Below is a simple architecture overview:
The SFTP server needs to meet a handful of high-level requirements:
- Strict user isolation
- High availability
- Encryption of data in-flight and at rest
- Durability of a client’s data
- Ability to run incoming files through our Quill pipeline
Being a SOC II (type 2) compliant business, we need to apply regular security updates to our infrastructure. This can be challenging with something that needs to be highly available and has persistent state. Our existing solution used VM’s (virtual machines) and moved around large EBS (elastic block store) volumes. Each time we needed to apply updates, we would need to orchestrate the transfer of that data to ensure none was lost. This costs us a fair amount of engineering time to maintain. On a monthly basis, we would need to spend roughly 6 hours doing these updates.
The SFTP server features a service (codename Watchdog) that runs incoming files through our Quill pipeline. It watches the file system and when files were dropped into specific directories, it tells Quill to what files to pickup for which project. Typically Quill will then place these stories back on the SFTP for delivery to the customer. Watchdog is one of the oldest pieces of software still running in production, it is not well understood by our engineers, and is still using Python 2.7, which will be end of life in early 2020. So at the very least, it would need to be upgraded to Python 3.x.
User management was always manual. There was no way to have client support teams administer the users of the system, costing us more engineering time. Non-technical employees were required to login to the SFTP machines using SSH and manage users on a Linux VM, which is error-prone.
Moving to serverless
Amazon recently released their Transfer service; which is a 100 percent serverless SFTP solution backed by S3 and IAM. The only thing we would really need to customize is replicating the Watchdog service with Lambda.
Moving to a serverless model would mean we don’t have to spend engineering time doing security maintenance since Amazon would handle all of it.
How we met our requirements with serverless:
1. Strict user isolation. This means that each user who logs in can exclusively see their own files. This can be handled by IAM policies. As part of their Transfer service, AWS added a few variables to IAM that allow us to do this.
2. High availability is guaranteed by Amazon. We want to provide service to our customers at all times since we never know when they will want to hit us. This comes for free as part of moving to serverless.
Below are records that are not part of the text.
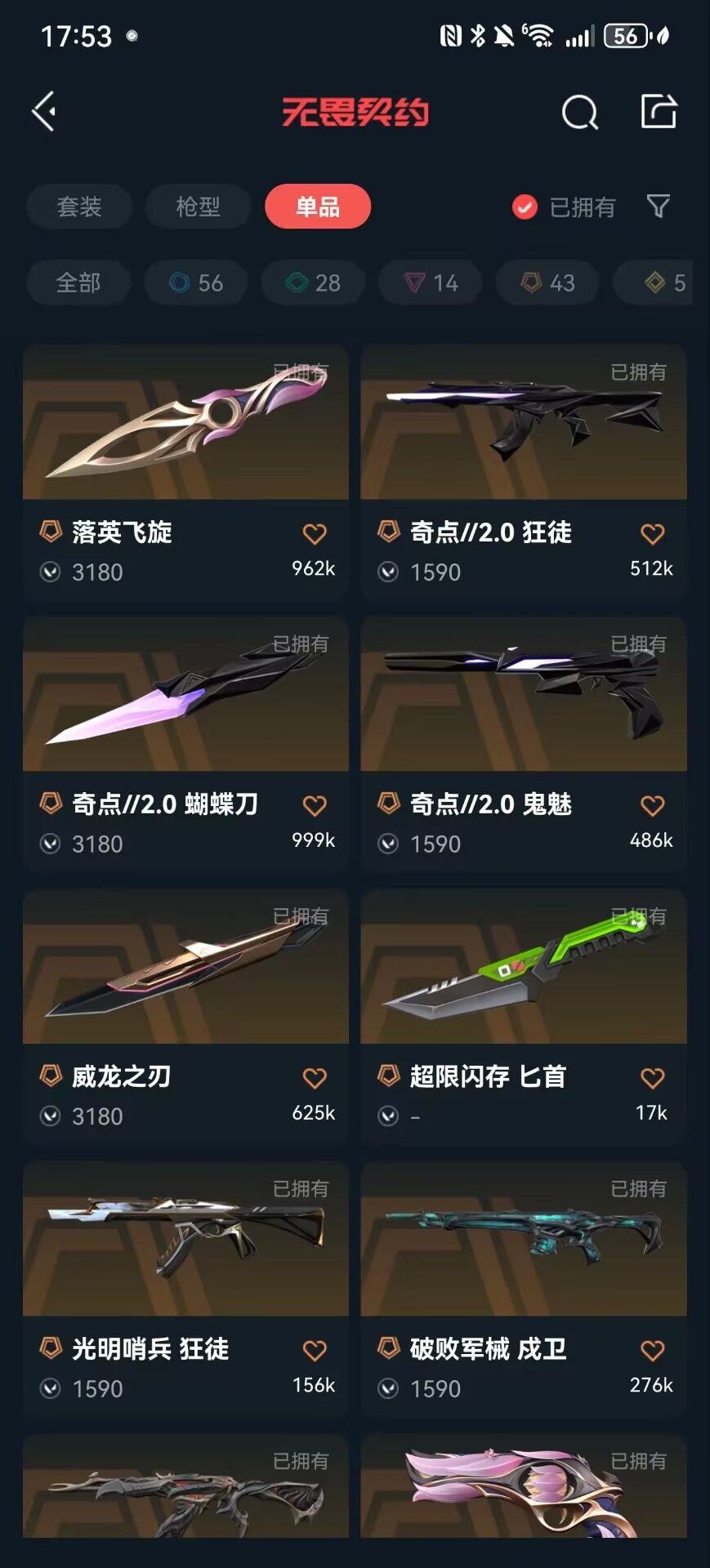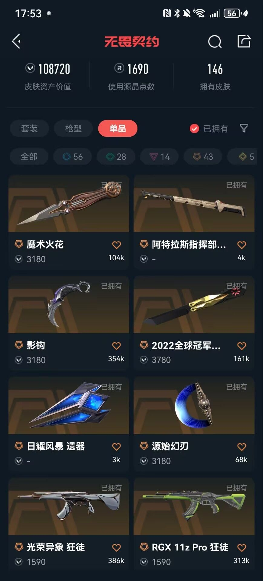 首页 > 租号大厅 > 无畏契约-wegame > wegame/wegame > 冻结秒解✨10W库存✨般若2.0套✨ROG3.0✨魔术火花✨22冠军蝴蝶✨影钩✨光荣异象狂徒✨电玩幻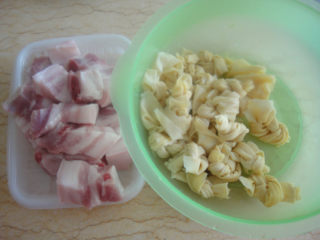 把百叶结用温水洗净后挤干水分,切块后用温水洗净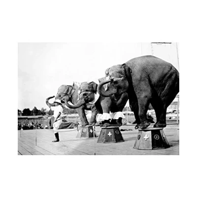 Wee Blue Coo Vintage Photo Circus Elephant Balance Act Wall Art Print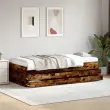 Ta dnevna postelja 2 v 1 s predali, ki služi kot kavč in postelja, je praktičen in privlačen dodatek za vašo dnevno sobo ali spalnico. Vsestranska dnevna postelja: To je priročna rešitev za sprejemanje gostov in maksimalno povečanje prostora. Veliko prostora za shranjevanje: Ta postelja za goste ima 6 predalov s kolesi, ki zagotavljajo dovolj prostora za shranjevanje oblačil, nogavic, igrač, blazin itd.Trdna konstrukcija: Ta dnevna postelja ima trpežen okvir iz inženirskega lesa. Inženirski les se ponaša z izjemno kakovostjo, gladko površino ter močjo, stabilnostjo in odpornostjo na vlago. Dobro je vedeti:Paket vsebuje samo okvir postelje. Vzmetnica ni priložena. V naši trgovini si lahko ogledate ustrezne vzmetnice.Barva: Dimljeni hrastMaterial: Inženirski lesCelotne dimenzije: 203 x 93 x 45,5 cm (D x Š x V) Velikost primerne vzmetnice: 90 x 190 cm (Š x D) (vzmetnica ni priložena)Dimenzije predala (vsak): 62 x 30 x 11,5 cm (D x Š x V)Potrebno sestavljanje: DaPaket vsebuje:1 x Dnevna postelja6 x Predal za posteljo 3280885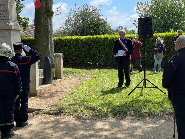 La traditionnelle commémoration au Monument aux Morts de Marlieux a été précédée d'un dépôt de gerbe devant la stèle du Curtelet , édifiée à la mémoire de résistants fusillés dans le voisinage en juillet 1944.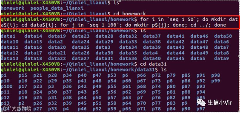 按enter执行,然后ls查看一下是否新建成功,然后再cd到任意一个data 查看是否有1到100个文件。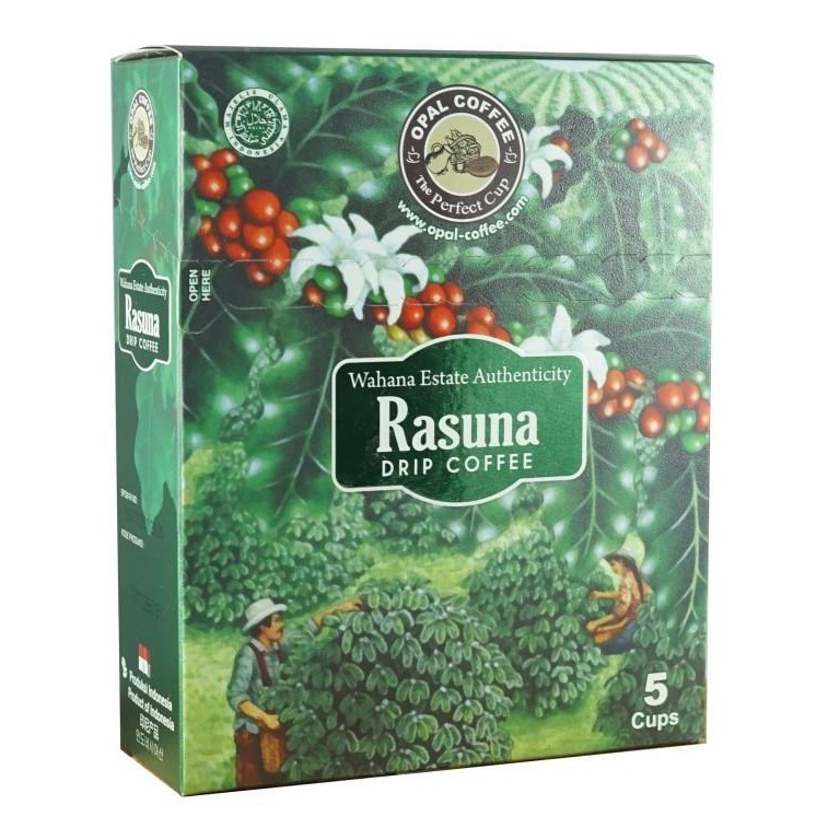 Opal Coffee Rasuna Drip Coffee merupakkan salah satu hasil dari perkebunan yang terkenal di sumatra utara milik PT Opal Coffee Indonesia yaitu Wahana Estate. Rasuna sendiri sangat dikenal baik oleh para kalangan pengiat coffee roastery karena rasanya yang enak dan high-acidity.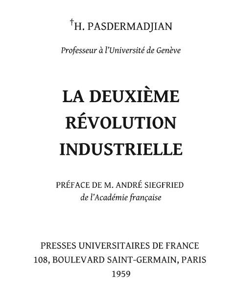D’après Hrand Pasdermadjian (1959), les années 1870 inaugureraient même une «deuxième révolution industrielle», caractérisée par l’usage du pétrole, la production d’électricité, la sophistication de la division du travail et l’accélération de la croissance. 14/25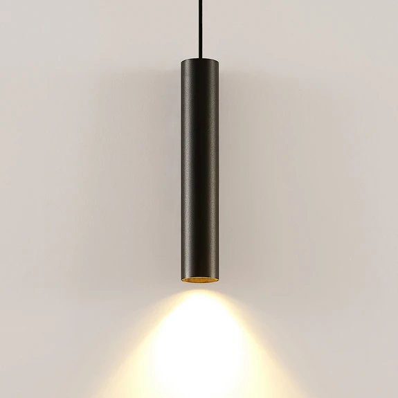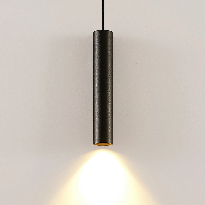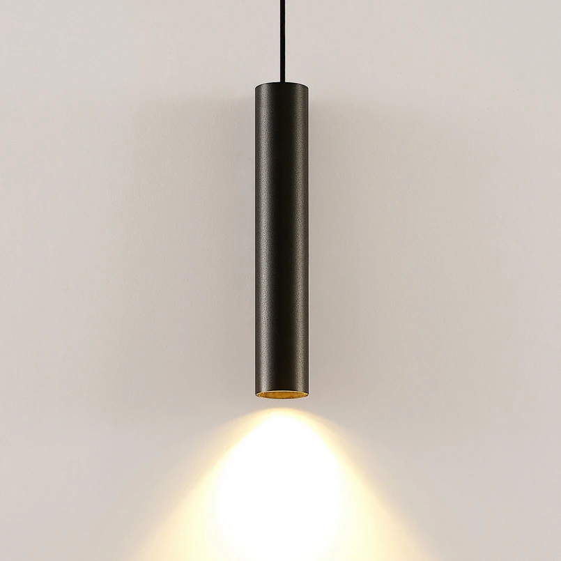 Lampada a sospensione Ejona, nera e stretta, con paralume in alluminio e riflettore intercambiabile Ejona è adatta a numerosi interni moderni e il suo utilizzo non è limitato agli ambienti privati; la lampada a sospensione può essere utilizzata anche in un ambiente commerciale. Ad esempio, le sale vendita delle boutique sono spazi adatti che possono essere perfettamente valorizzati da Ejona. Se necessario, il riflettore interno può essere cambiato, perché oltre all'inserto nero è incluso anche un anello in un'accattivante tonalità dorata, che non solo crea un efficace contrasto cromatico, ma ha anche un effetto caldo e piacevole sull'immagine della luce. La lampada giusta può essere selezionata individualmente, poiché oggi esistono numerose sorgenti luminose per il portalampada, soprattutto con tecnologia LED a risparmio energetico e a lunga durata. È inoltre possibile scegliere tra diverse angolazioni del fascio di luce, in modo che la luce si diffonda nell'ambiente come un faretto o con un fascio più ampio.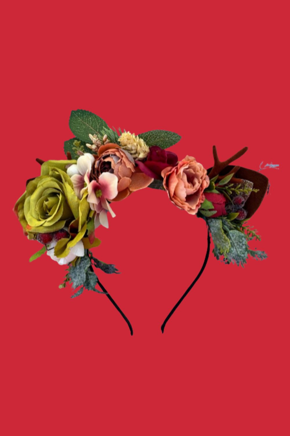 Celebrate Christmas with an Annah Stretton Christmas Festive Headband, our Festive Flora features a floral crown of white, peach and sage green with foliage and little reindeer ears and felt covered antlers, the perfect accessory for your Xmas party outfits.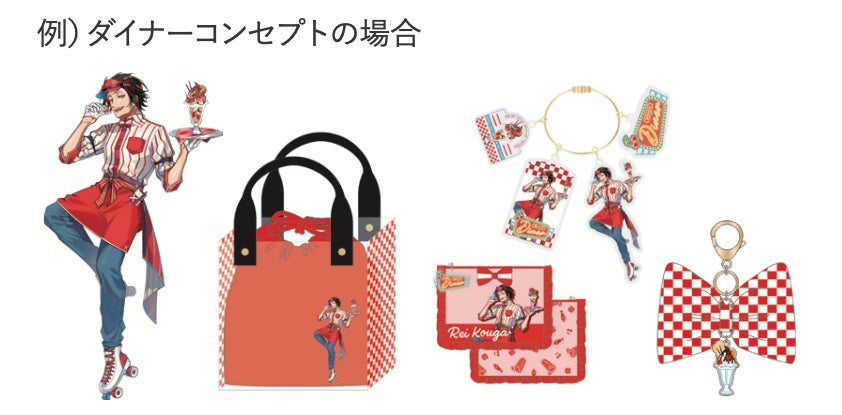コンセプト展示コーナーでは、メイン展示で使用しているオリジナルキャラクターを、「ダイナー風」「妖風」などにアレンジしたグッズを展開します。同じキャラクターでもガラッと変わる雰囲気や、コンセプトの世界観に合わせたグッズが見どころです。

3. Data durability. It is critical to us that we never ever lose a client’s data, or have it become corrupted. This is also guaranteed by Amazon, as it is in S3.
4. Encryption of client data at rest. This is also turn-key with S3 and we have used bucket encryption many times so this was super simple for us to just use.
5. Watchdog: A service that watches for file uploads and runs those files through our Quill platform asynchronously. This can be replicated by triggering a Lambda function when objects are uploaded to S3 in a specific place.
A serverless Watchdog is great because it doesn’t “crash” ever. S3 Events can be fired ad nauseam at this Lambda and it will scale massively, while not costing us very much. It also logs directly to a Cloudwatch Log stream, meaning we can grant engineers access to see these logs, or even set up alerts when Watchdog fails.
A bonus benefit to moving to serverless…
Reproducibility using CloudFormation. We could spin up as many of these servers as we need to. All we would need to do is bootstrap the users and their keys. If other products required using an SFTP server, we can easily create one in seconds.
Building in CloudFormation
We leveraged AWS SAM to build, package and deploy our SFTP template to CloudFormation. Below are the key resources and highlights from our template.
Creating the SFTP resource is very straight forward.
Creating a bucket is necessary if you plan to automate event triggers based on S3 actions.
It’s important to configure at least one test user to stand up alongside the server. This allows for fast and simple testing of your deployment. User setup can be a little tricky however, there are a number of different resources you’ll need to create and link together:
- An IAM Role
- A Managed Policy
- An SFTP User
The best practice is to create a fairly open and accessible Managed Policy then utilize the SFTP User’s (scopedown) Policy property to restrict access to only a user’s home directory.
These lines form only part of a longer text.